Alpha-synuclein, Proteotoxicity and Parkinson's Disease: Search for Neuroprotective Therapy

Background: There is a growing body of evidence in animal and cell based models of Parkinson's disease (PD) to suggest that overexpression and / or abnormal accumulation and aggregation of alpha-synuclein can trigger neuronal death. This important role of alpha-synuclein in PD pathogenesis is supported by the fact that duplication, triplication and mutations of alpha-synuclein gene cause familial forms of PD. Methods: A review of literature was performed by searching PubMed and Google Scholar for relevant articles highlighting the pathogenic role of alpha-synuclein and the potential therapeutic implications of targeting various pathways related to this protein.
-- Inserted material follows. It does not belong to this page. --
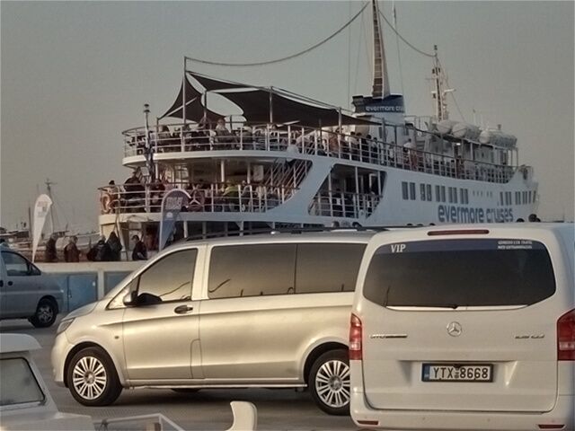 船への乗船は一番最後のグループ。席の確保等できない状態でしたので、乗船前、VIP席の販売をしていた女性を船内で探し、1人110ユーロのチケットを購入して、常時、アルコール以外、フリードリンク、10時前菜、13時3コースランチ、最初の島での島内観光付き、ベンツのバンでの各ホテルへの送迎付き権利を得ました。それから、各島から船に戻る際、長い列に並ぶ必要は無く、VIPリストバンドを見せれば優先的に乗船させてくれます。お陰で、ストレスの無い、お昼寝も出来る船旅と各島での観光を存分に楽しめるツアーとなりました。エーゲ海は、穏やかで空は青く、サントリーニに行けなかったのでプチサントリーニを味わえたようで参加して良かったと思えました。事前にチケット購入して無かったので、窓際のソファー席は満席で、固めの椅子のテーブル席になった事、行きのベンツのバンの送迎の権利が無かった事は、悔やまれます。

Results: The overexpression and accumulation of alpha-synuclein within neurons may involve both transcriptional and post-transcriptional mechanisms including a decreased degradation of the protein through proteasomal or autophagic processes. The mechanisms of monomeric alpha-synuclein aggregating to oligomers and fibrils have been investigated intensively, but it is still not certain which form of this natively unfolded protein is responsible for toxicity. Likewise the proteotoxic pathways induced by alpha-synuclein leading to neuronal death are not elucidated completely but mitochondrial dysfunction, endoplasmic reticulum (ER) stress and altered ER-golgi transport may play crucial roles in this process. At the molecular level, the ability of alpha-synuclein to form pores in biomembranes or to interact with specific proteins of the cell organelles and the cytosol could be determining factors in the toxicity of this protein. Conclusion: Despite many limitations in our present knowledge of physiological and pathological functions of alpha-synuclein, it appears that this protein may be a target for the development of neuroprotective drugs against PD. This review has discussed many such potential drugs which prevent the expression, accumulation and aggregation of alpha-synuclein or its interactions with mitochondria or ER and thereby effectively abolish alpha-synuclein mediated toxicity in different experimental models.